For James, a British dynamo with multiple solo albums under his belt, tenures with bands including Sacred Mother Tongue and Fields of the Nephilim, and a flourishing guitar academy, his seamless addition to the Fiver Finger Death Punch family is as undeniable as his face-melting riffs and blistering tones. But for someone so insanely comfortable onstage strapped to a guitar, we can actually thank Guns N Roses and James’ own brother for stealing the insatiable new addition to the 5FDP world away from the piano at a young age.

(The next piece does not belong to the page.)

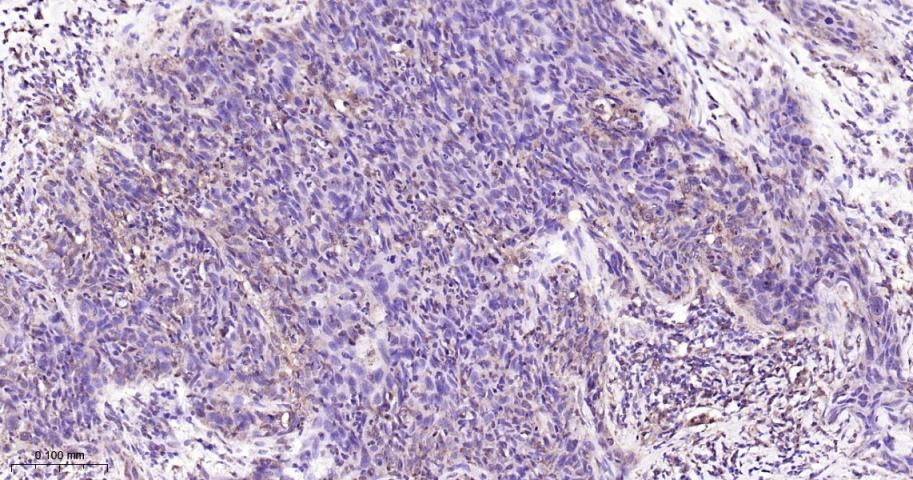 Paraformaldehyde-fixed, paraffin embedded Human Cervical Cancer; Antigen retrieval by boiling in sodium citrate buffer (pH6.0) for 15 min; The section was incubated with STAT3 Monoclonal Antibody, Unconjugated (ascites of bsm-33223M) at 1:1500 overnight at 4°C, followed by conjugation to the bs-40296G-HRP and DAB (C-0010) staining.

“When I was younger, I started playing piano and stuff like that only because we had one in the house,” muses James. “I think it was my grandmother’s old piano and I just used to play on that. And I dunno, music sort of made sense in a way that I could sort of sit down and realise that this melody or notes would follow that kind of note, and I’d know if something was outta tune or wasn’t quite right. I suppose in that sort of infancy, I already kind of understood a little bit about that kind of thing. But it wasn’t until I was about 12 years old or whatever, I was taking piano lessons, but there were guitars knocking around and I suddenly just picked one up. I was listening to lots of Guns N Roses and stuff at the time, so I was trying to get my head around some of that. But yeah, it took a bit of convincing because my dad was paying for piano lessons and was just thinking I would be wasting my life if I played guitar. But then it was my brother who said to him: look, why don’t you just let him, you know, try the guitar and see how it pans out. And then if he sticks at it or whatever, then maybe just help him get a proper guitar. I had like this sort of cheap Fender thing, it wasn’t even a real Fender, it was a cheap Argos guitar, which is from this store that we have in the UK, it’s like a generic place where you can buy literally everything, and sometimes they sell guitars and stuff. But, yeah, I just kind of stuck with it and that’s it really! But everything else kind of fell by the wayside, I didn’t do sport anymore, I didn’t really apply myself in school, all of that, because the only thing I really wanted to do was just play an instrument. I just sort of stuck with it and that was around the age of 12. I’m 41 now so … do the math,” James laughs.
With all eyes on the release of AfterLife, what are the odds we might get Five Finger Death Punch down under to christen the new album?
“If we ever do get over there, it’ll be my first time anyway, so that would be fairly exciting,” James enthuses.
But, being a Brit, it’s suggested that he perhaps avoids visiting in full-blown Aussie summer; or if he does visit in the hotter months, to pack some shorts for playing onstage.
“I don’t wanna subject anyone to that. No one,” James laughs.